Cannon called MIDA a “super” special district with city-like powers including bonding, land use authority, and the ability to control and capture tax increment, or taxes resulting from new development. She emphasized that it’s an organization with “a lot of complexity.”
“They have extra authority. They’re not a typical special service district. They are a super district. They have a lot of other powers,” Cannon said. “And the concerns being raised with us usually amount to one one of three things: How did they get the authority to do this? And that can be answered by the legislative history and the power structure. How did they fund all this? Where is the money going? That’s answered typically through their financial statements.”
Cannon said she’s also received questions of whether MIDA has acted appropriately and whether her office could audit the organization. However, as the dashboard shows, Cannon said that due to the level of complexity with all the different project areas and public infrastructure districts MIDA has created, her office would require an enormous amount of resources to do a “deep dive audit” of its dealings.
“The type of resources it would take to audit something this large, I hope, is illustrated by the website,” she said, noting that its reach spans far beyond the Box Elder County Stratos project. “It is a very large, complex organization with a lot of sub-entities and sub-projects, and I think just getting people to understand just how large of a question they were asking was our first motivation. This is just not one project.
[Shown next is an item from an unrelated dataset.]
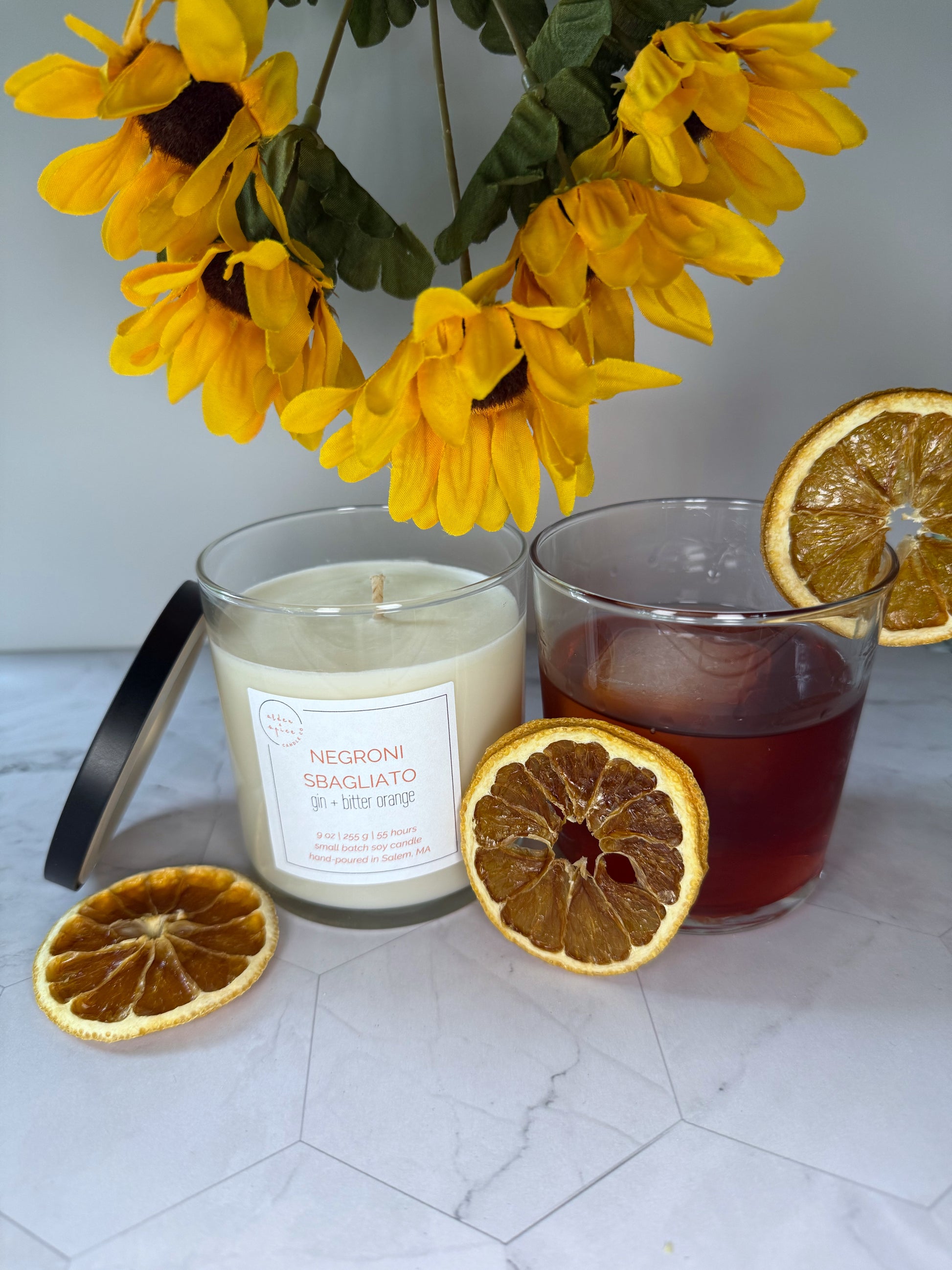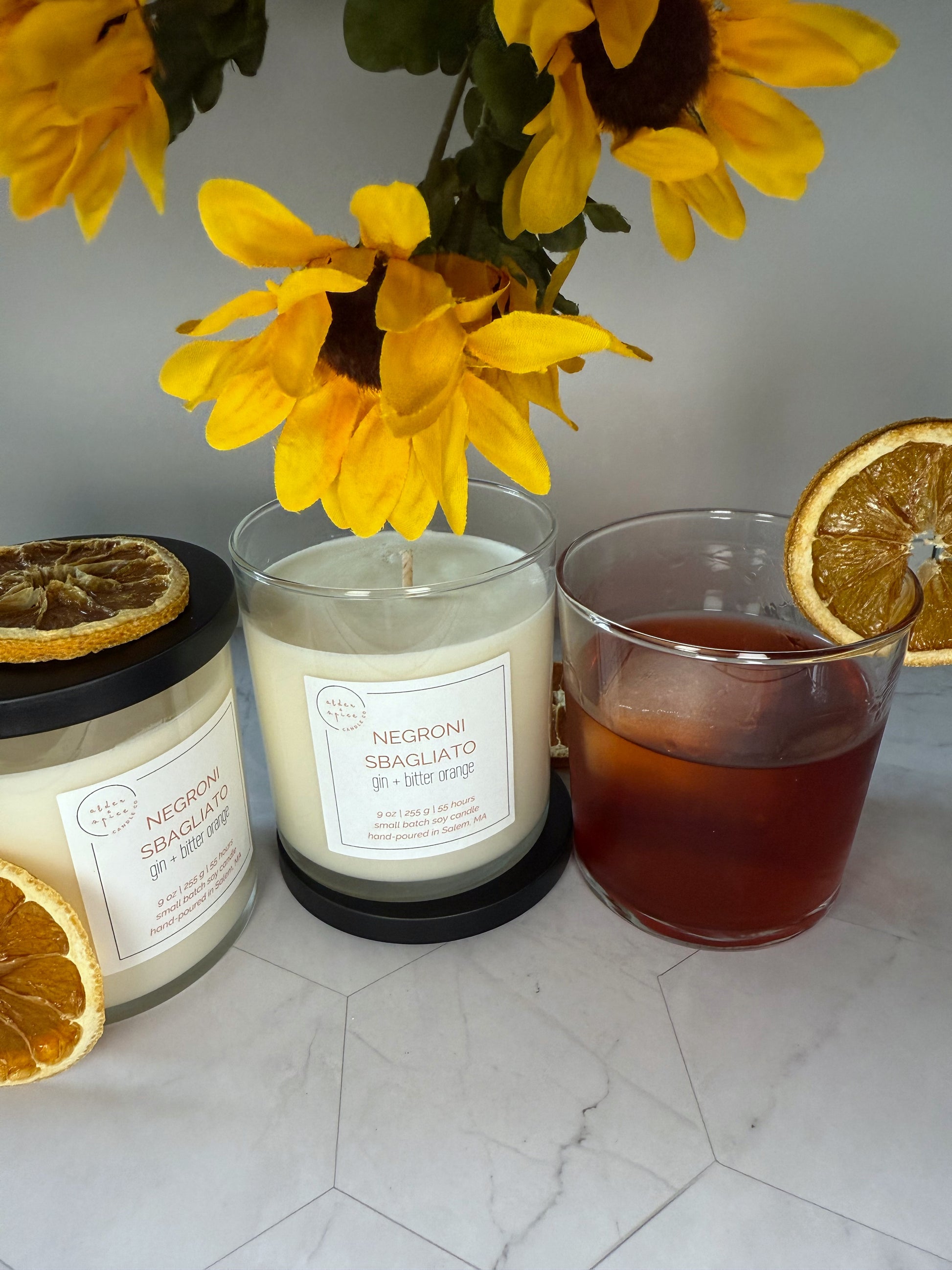 Experience the sparkling scent of a Negroni Sbagliato in candle form! This playful blend includes notes of gin, bitter orange, and prosecco. Perfect for brightening your mood and adding a splash of fun to any room.
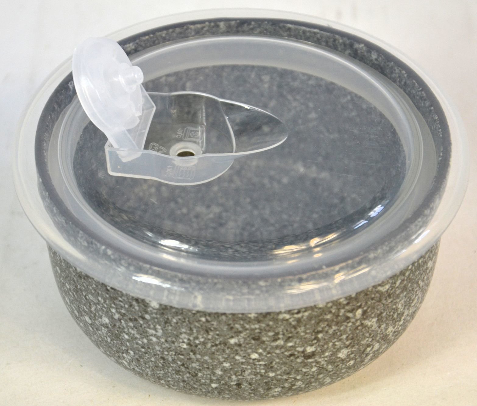 Miska s víčkem s otvorem pro odvod přebytečné páry. Materiál - kamenina, plast. Rozměry - 12,7x6,5cm.

You’ve got to be more specific (in asking questions) because there’s a lot here.”
That’s the point she’s hoping the dashboard will help convey.
“The answers to people’s questions are not simple answers, because this is not a simple organization,” she said. “It’s very complex.”
In response to the outcry over the Box Elder County data center project and the broader questions it has raised about MIDA, Cannon’s office said in a news release Thursday that it developed the dashboard “to provide a centralized, easy-to-navigate resource of this information.”
“The new interactive dashboard is designed to provide publicly available information to help the public better understand MIDA: what it is, what it does, what authority it has, and how that authority has changed over time,” her office said.
The dashboard, now provided on the Transparent Utah website, includes the following information, dated from 2007 (when lawmakers first created the special district) through 2026:
- Legislative history and power: An inventory of MIDA’s statutory authority, municipal-type powers, public-private partnership capabilities, and property tax allocation authority.
- Project summaries and map: An interactive map of MIDA project areas, including Falcon Hill, the Military Recreation Facility (Deer Valley East Village), the Utah Data Center at Camp Williams in Utah County, the Mountain Veterans Program at Sundance, and the newly announced Stratos Project Area in Box Elder County.
- Documents and meeting materials: Centralized access to hundreds of documents, including project area plans, board member histories, entity relationship charts, and public meeting materials.
Financial activity trendline: A summary and visualization of MIDA’s financial statements data, detailing total revenues, expenditures, assets, liabilities, and debt service through 2025.
“Compiling nearly 20 years of public information and complex data into an accessible interface, all in one place, this tool empowers Utahns to find information about MIDA’s history, scope, projects, and financial operations,” the auditor’s office said. “It will continue to be updated and expanded as additional information becomes available.”